Russian President Vladimir Putin revealed that he had led an artillery battalion during the Soviet period, and this is part of the details of his mysterious life, which was not known before. Putin made the comment during a visit on Monday to the Petropole Citadel in St. Petersburg, where he pulled the launch crane of a cannon firing daily daily rounds at noon over the River Neva. "I received a lieutenant rank when I joined the artillery, and I was an artillery battalion," Putin said, according to a video posted by the Kremlin. But he did not give enough details.

Putin's official biography does not mention his military rank, as a lieutenant, or his command as an artillery battalion. According to the Kremlin, Putin joined the KGB immediately after graduating from the Leningrad State Law School in 1975. He spent 16 years in the Soviet Security Service and was promoted to lieutenant colonel at KGB before the collapse of the Soviet Union In 1991. However, all physically fit students in Soviet universities were required to undergo military training, then to be promoted to a reserve officer, and Putin is likely to point out that.

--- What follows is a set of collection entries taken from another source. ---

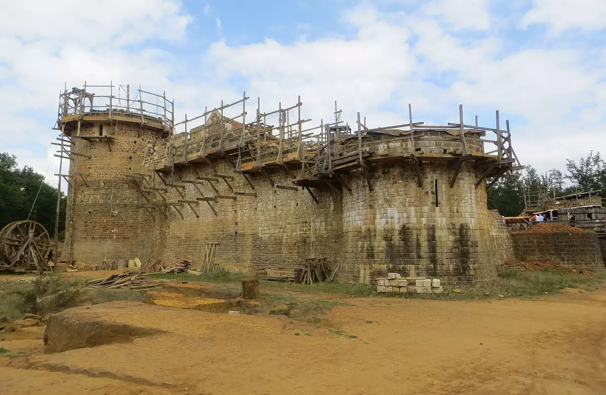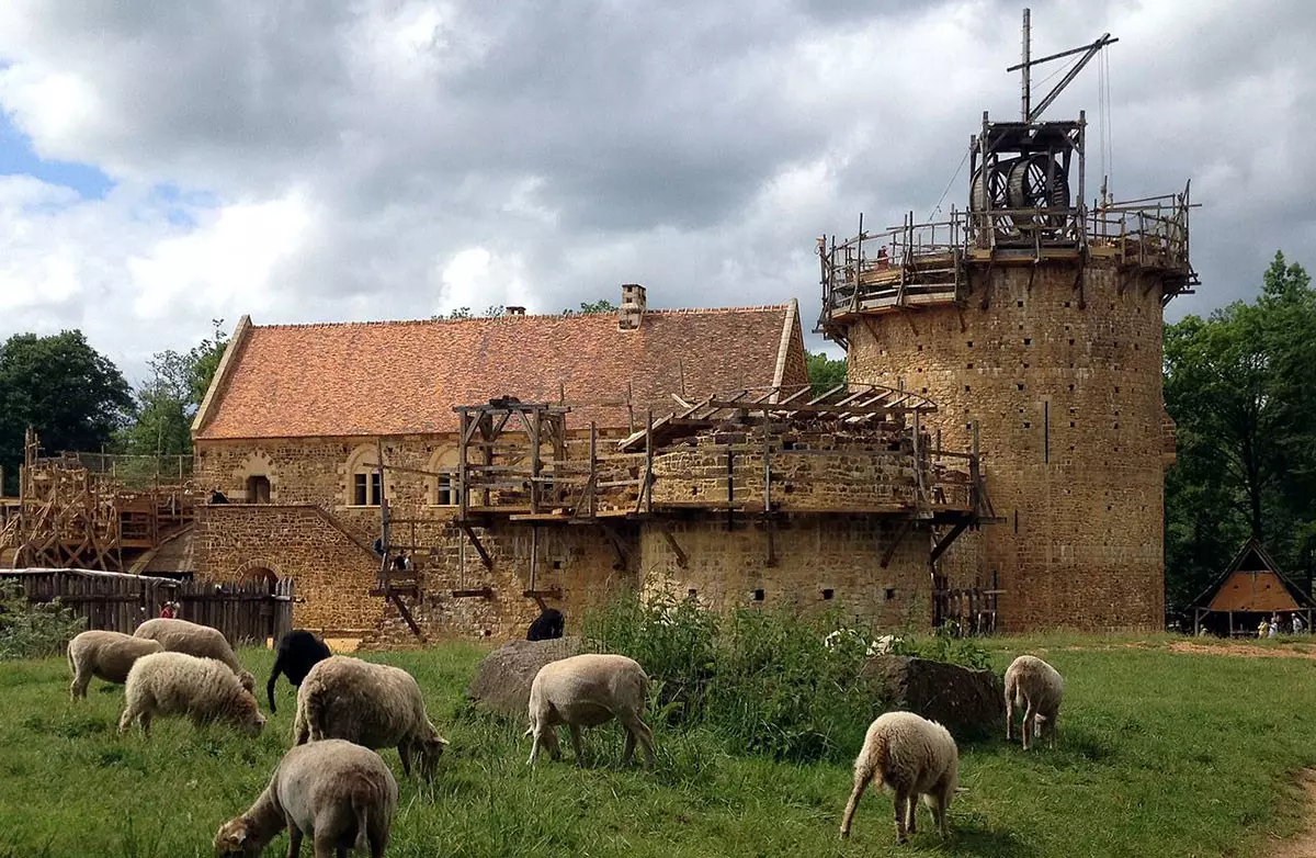 De la mano de Jacques Moulin, arquitecto al frente del proyecto que diseñó el castillo inspirado por las fortificaciones de los siglos XII y XIII, el proyecto ha dado significativos pasos hacia adelante en sus casi dos décadas de existencia. Una gran torre y la estancia principal ya están levantadas. Todo lo que podemos observar en las fotos se ha hecho respetando al milímetro las condiciones de trabajo medievales. El edificio está compuesto de madera, piedras y cal, y los materiales han sido obtenidos en bosques y canteras cercanos, tal y como se hacía en la Edad Media.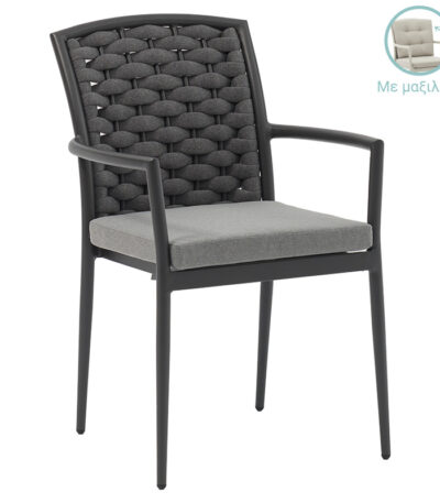Armchair Moritz aluminum anthracite rope-grey cushion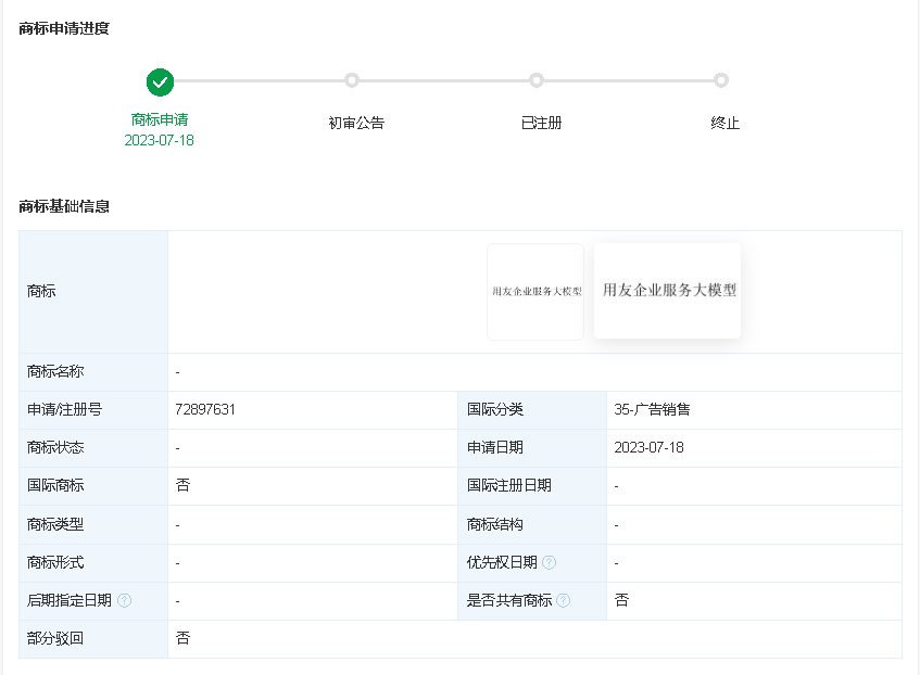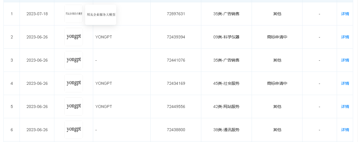 天眼查App显示,近日,用友网络申请“用友企业服务大模型”商标,国际分类为广告销售,当前商标状态为申请中。不久前,该公司还申请了多个“YONGPT”“YONYOUGPT”商标,国际分类涉及科学仪器、网站服务、广告销售等,当前商标状态也为申请中。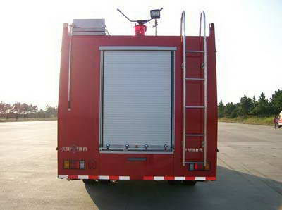 罐體總容積為4.885立方米,水罐容積:4.0立方米,水罐尺寸:446×1334×1488mm, 泡沫液罐容積:1.0立方米,泡沫罐尺寸:2015×1334×1488mm,采用6HK1-TC型發動機,10.00R20-16PR,10.00-20-16PR,11.00-20-18PR型輪胎, 后伸:195mm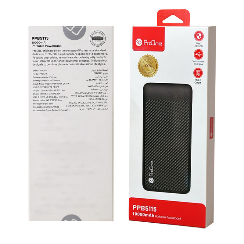 تا به حال در شرایطی بودهاید که گوشی یا تبلت شما درست در لحظهای حساس، خاموش شود و هیچ راهی برای شارژ آن نداشته باشید؟ پاوربانک ProOne مدل PPB5115 این مشکل را برای همیشه برطرف میکند! با ظرفیت ۱۰,۰۰۰ میلیآمپر ساعت، وزن مناسب ۲۳۵ گرم و ابعاد جمعوجور ۱۴۲.۸×۶۹×۱۵.۳ میلیمتر، این پاوربانک بهراحتی در کیف یا جیب شما جا میشود و همیشه انرژی مورد نیاز دستگاههای شما را تأمین میکند. این محصول در دو رنگ مشکی و سفید عرضه میشود، که با هر سلیقهای هماهنگ است. بدنه مقاوم از پلیمر باکیفیت، آن را در برابر ضربه و فشار مقاوم کرده و فناوریهای امنیتی پیشرفته، از دستگاههای شما در برابر نوسانات برق و شارژ بیشازحد محافظت میکند. اگر به دنبال یک پاوربانک سبک، بادوام و با شارژ سریع هستید که در طول روز همیشه همراه شما باشد، ادامهی متن را از دست ندهید!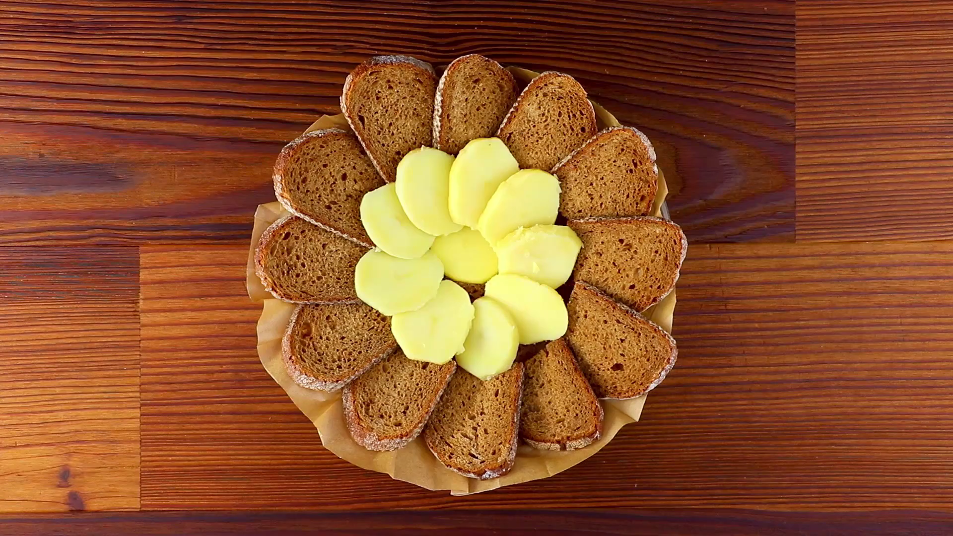 Nun legst du erst den Boden der Form mit einer Schicht Brotscheiben aus, dann den Rand mit halben Scheiben. Belege den Boden der Tarte nun mit Kartoffelscheiben.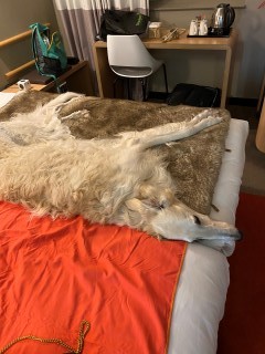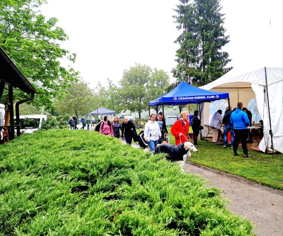 Da sitzen wir, Joyce holt gerade Kaffee, dann im Hotel, wo unsere Regenjacken ( meine und die der Hunde ) noch zum trocknen hängen. Um 19:30 h sollte die Siegerehrung sein, doch wir warteten bis 21:30 h. Endlich bekamen wir unsere Hundepässe und konnten ins Hotel zurück. Total kaputt fielen wir ins Bett. Ich konnte nicht einschlafen, hatte immer wieder Berylls Angst vor Augen, und ich schor mir, nie wieder ein coursing an einem See zu melden. Heute Morgen bin ich mit Knjaginija und Beryll ganz früh nach Hause, Achim und der Rest des Rudels warteten!

The Russian president's announcement comes shortly after the identification of his identity as belonging to the old East German police in the archives of the former East German State Security Service (Stasi). Putin was an officer at KGB in Dresden in the 1980s. The Kremlin did not confirm or deny that Putin had been given an identity from Stasi. There is little reliable information about Putin's work in Dresden. One possibility is that it was costly to hunt and recruit foreigners who were studying or working in the city. It is known that Putin worked in the field of counter-intelligence during his days at KGB, and some reports claim that his duties in the Russian intelligence service include the monitoring of Soviet political dissidents, but not confirmed.